21.12.2008 - 01:00 | Son Güncellenme:
BADE GÜRLEYEN
Tam beş ay var. 20 Mayıs 2009 tarihinde Avrupa’yla birlikte tüm gözler Fenerbahçe Şükrü Saracoğlu Stadı’na çevrilecek, nefesler tutulacak. UEFA Kupası final maçının oynanacağı bu tarihte bu sefer Fenerbahçe taraftarları “Fenerbahçeeee sen çok yaşaaaa, canım feda olsun sanaaa!” diye takımlarını ateşleyemeyecekler ateşlemesine ama yine de böylesine büyük bir organizasyona ev sahipliği yapmanın gururunu yaşayacaklar.
UEFA Marka Müdürü Dan O’Toole, geçtiğimiz haftalarda Türkiye’ye gelip Yerel Organizasyon Komitesi’yle birlikte İstanbul’u, özellikle de stadı dolaşan, bu büyük organizasyon öncesi gerekli teftişleri, tespitleri, hazırlıkları yapan UEFA ekibinden önemli bir yetkili. Ayrıca geçtiğimiz günlerde satışa sunulan o rengarenk UEFA Kupası final biletinin de tasarımından sorumlu.
İstanbul’a dördüncü kez geldiğini söyleyen İngiliz
O’Toole sadece işle ilgili gezmemiş; Kapalıçarşı’ya uğramayı, Boğaz’da balık yemeyi de ihmal etmemiş.
Biletin tasarımı için İstanbul’da birkaç gün kaldınız. Size en çok ne ilham verdi?
İstanbul Boğazı beni çok etkiledi. Bu şehirde yaşayanların Boğaz’la gurur duyduğunu gözledim. Futbolla ilgisini kurmak için de Boğaz’ı Şükrü Saracoğlu Stadı’yla kombine ettim. Aynı zamanda Bizans ve Osmanlı motiflerinden de etkilendim ve bilette bu motiflere de yer verdim. Bütün bunlardan oluşan bir mozaik yaratmak istedik. Şehrin tarihi mirasını modern ve çağdaş bir şekilde aktarmak istedik. Şehrin tarihi mirasıyla modern yüzünü, geleneksel mozaik tekniğini modern bir şekilde uygulayarak bir araya getirdik. Genellikle İstanbul tanıtımlarında gördüğümüz o klişe görüntülerden kaçındık. Şehrin çok güzel bir silüeti, harika binaları, gökdelenleri var ama biz farklı bir iş yapmak istedik.
Bilet çok renkli.
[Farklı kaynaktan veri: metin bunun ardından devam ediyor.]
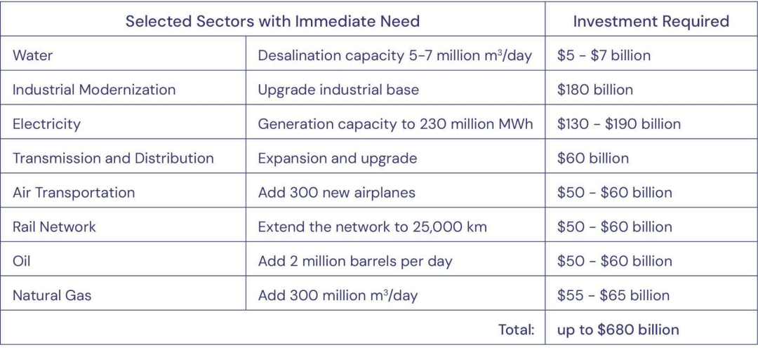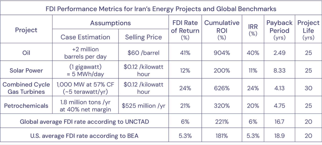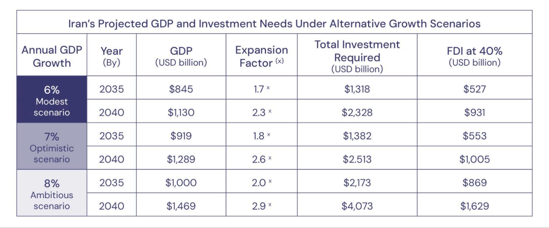 在當前的經濟制裁下,伊朗自2020年以來平均經濟增長率為4%,但由於基礎設施投資不足,該國難以維持這一增長率。若制裁取消,根據2016年麥肯錫全球研究院的一項研究顯示,伊朗的增長率可達6.3%。與此同時,伊朗政府甚至將目標定為8%,到2040年時,其國內生產總值可增加6000億至1萬億美元。為實現這一目標,伊朗到2040年時將需要約2.3萬億至4萬億美元的資本。這並非不可能,但需要依靠伊朗政府、伊朗私營部門和外國直接投資共同籌集所需資金。

Değişik figürler de var. Bunlar neyi anlatıyor?
Bunlar futbolu simgeliyor. Bu organizasyonun futbolla ilgili olduğunu anlatmak için bu figürleri kullandık. Aynı zamanda Türk kültürünü simgeleyen figürler de var. Kültürle futbolun birleştiğini göstermeye çalıştık.
Tasarımı geliştirirken en çok nelere dikkat ettiniz?
Hem ev sahibi şehre uygun olmasına hem de daha geniş kitleler, farklı ülkelerden insanlar tarafından anlaşılabilir olmasına dikkat ettim. Özellikle de futbol izlemek için bütün Avrupa’yı dolaşan taraftarların biletin üzerinde ne olduğunu anlamaları çok önemli bizim için. Burada bir denge oluşturmak çok önemli. İstanbul’daki yerel organizasyon komitesi bu konuda çok yardımcı oldu. Onlarla birlikte şehrin önemli yerlerini tespit ettik. Daha sonra da konsepti İngiltere’deki Works adlı ajanstaki tasarım ekibine anlattım ve bileti oluşturduk.